手術室ではさまざまな単回使用製品が取り扱われています。ナース専科では、そのなかでも特に看護師が深くかかわる保温用ブランケット、温風式加温装置用ブランケット、体温測定用センサー・プローブの単回使用の状況についてアンケートを実施しました。その結果をもとに手術看護認定看護師のみなさんに、単回使用製品の取り扱いについてお勤めの医療機関での実際の使用状況、再使用についての認識などについて話し合っていただきました。


座談会参加者
都内大学病院勤務 手術看護認定看護師 Aさん
関東近郊大学病院勤務 手術看護認定看護師 Bさん
地方大学病院勤務 手術看護認定看護師 Cさん
一般病院勤務 手術看護認定看護師 Dさん

アンケート結果に「衝撃」と「納得」という感想

—— スリーエム ジャパン株式会社との協賛で実施した「COVID-19パンデミックを迎えて考える、手術室での”あるべき”単回使用」のアンケート結果を見て、どのように感じられましたか。


Aさん 単回使用製品をリユースしている病院があることは知っていましたが、このコロナ禍でのアンケート調査にも関わらず、こんなにもリユースされているという現状を数値で見ると「衝撃的」でした。


Cさん 私は「そうだろうな。これぐらいの数字だろうな」という感じがしました。


Bさん 私も同じくそれほど驚きはなかったです。ただ、単回使用製品をリユースするリスクを認識している看護師が「6割強」との結果でしたが、もう少し高いかと思っていました。また、このコロナ禍で病院の収益も下がっているので、単回使用をしている施設は少ないのかなとも思います。

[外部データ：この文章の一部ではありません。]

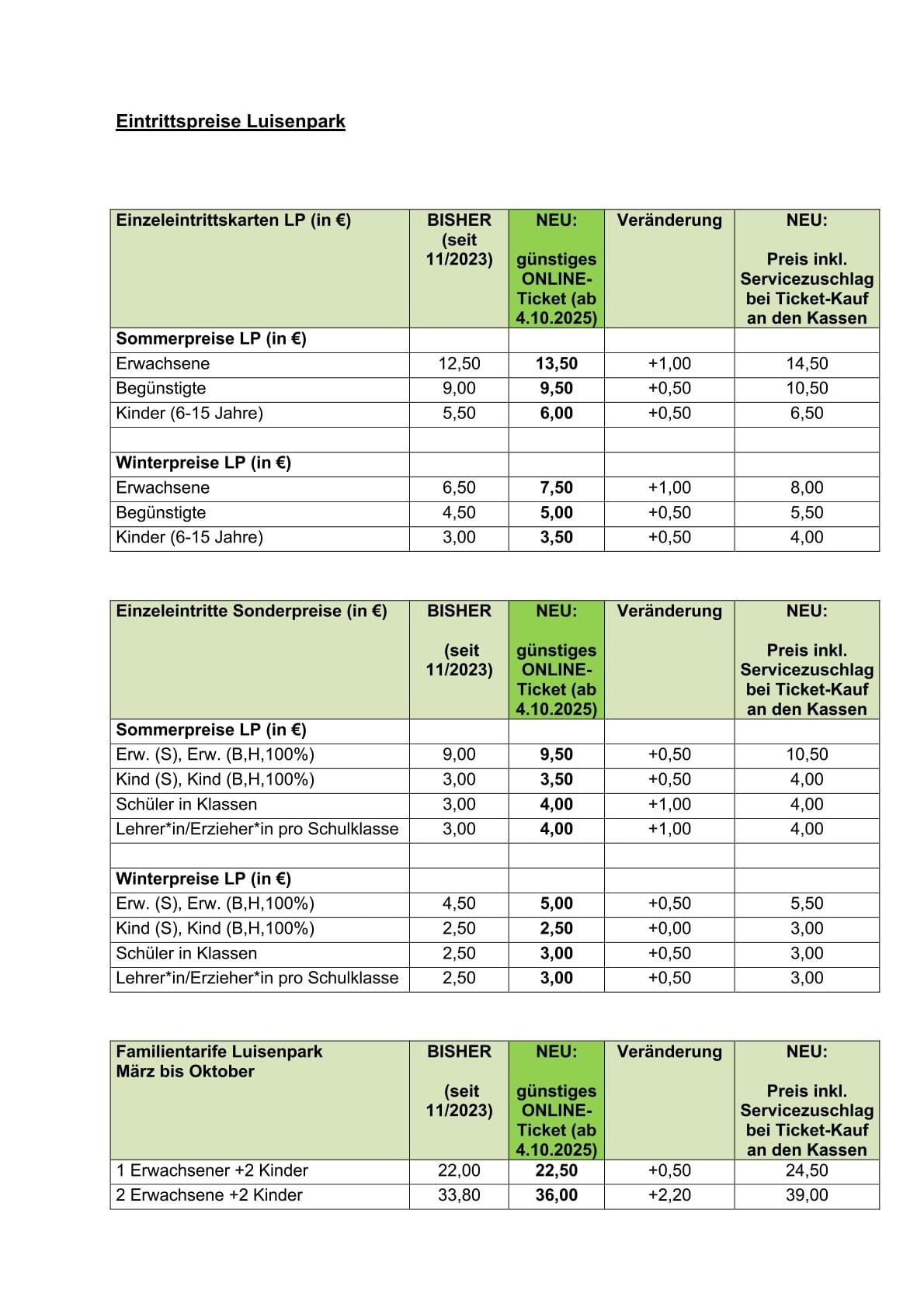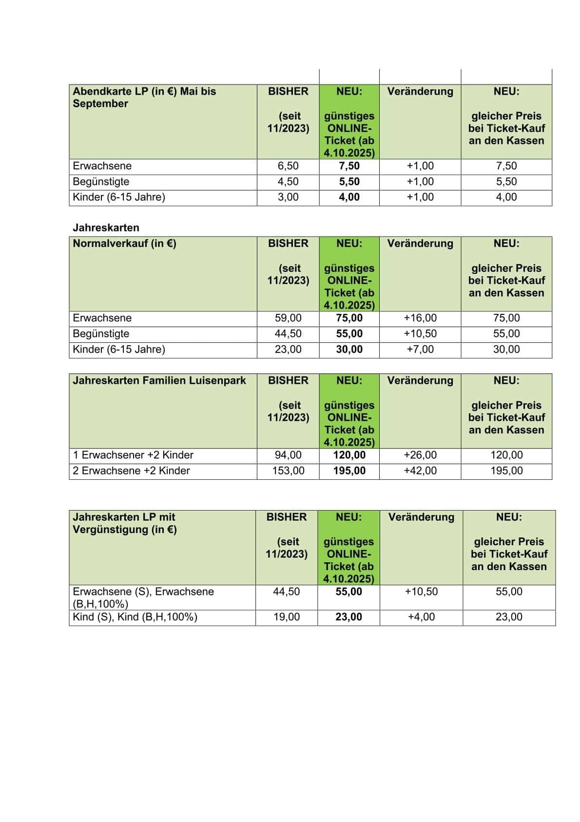 D.h. es ist für alle besser, je mehr Menschen online kaufen: Ziel ist, eben nicht mehr mit drei kleinen Kindern, wenn es heiß ist, ewig anstehen müssen.“ Die Familientageskarte in der Sommer-Saison für einen Erwachsenen und zwei Kinder zum Beispiel steigt um 2,50 Euro auf 24,50 Euro, die Jahreskarte für den Erwachsenen kostet 75,- Euro, die Jahreskarte für Kinder ab 6 (darunter freier Eintritt) kostet 30,- Euro.

Dさん 私のところでも、一部の単回使用製品をリユースしているので、アンケートの結果を見ると、当院のスタッフの意識も同じような感じかなと思いました。


—— アンケートでは、COVID-19感染拡大前と比べると、やや適正な単回使用が増え、鎮静化したらまた少し単回使用が減るのではという結果が出ています。皆さんの施設では、このコロナ禍で、感染管理/対策の意識はどのように変わってきているのでしょうか。


Dさん 当院はCOVID-19の感染者を受け入れています。当初は感染対策を徹底し、全例を適正に単回使用としていました。最近はPCR検査や抗原検査が拡充したので、PCR検査の結果で判断しています。温風式加温装置のブランケットはPCR検査陰性の手術患者さんに関しては、手術前後に使用する全身用ブランケットはリユースするケースもありますが、手術中に使用するものはすべて単回使用です。


—— このコロナ禍で、手術室で気をつけていることや単回使用が増えたということはありますか。


Cさん 当院では緊急手術においても術前にPCR検査やCTでの診断を実施して、感染者であれば万全の態勢をとる事になっています。幸い今までは感染のケースが無かったので、通常通り(新型コロナ以外の)感染症であれば捨てるけれども、そうではなければリユースのケースもある。これまでと大きな変化はないです。


Aさん 当院では、予定手術の患者さんに関しては、早い段階で全員にPCR検査を行い、手術も患者さんの陰性を確認してから実施していました。緊急手術の患者さんに関しては、PCR検査とCT、翌日にもう1回PCR検査を行っています。緊急時には陰性の確認ができないこともあり、その場合は手術室の物を全て撤去したり、ビニールを貼る、ごみ箱も一括して捨てられるものに変えました。陰性を確認していても、挿管、抜管の際にはN95マスクを装着するなどの感染対策を実施しています。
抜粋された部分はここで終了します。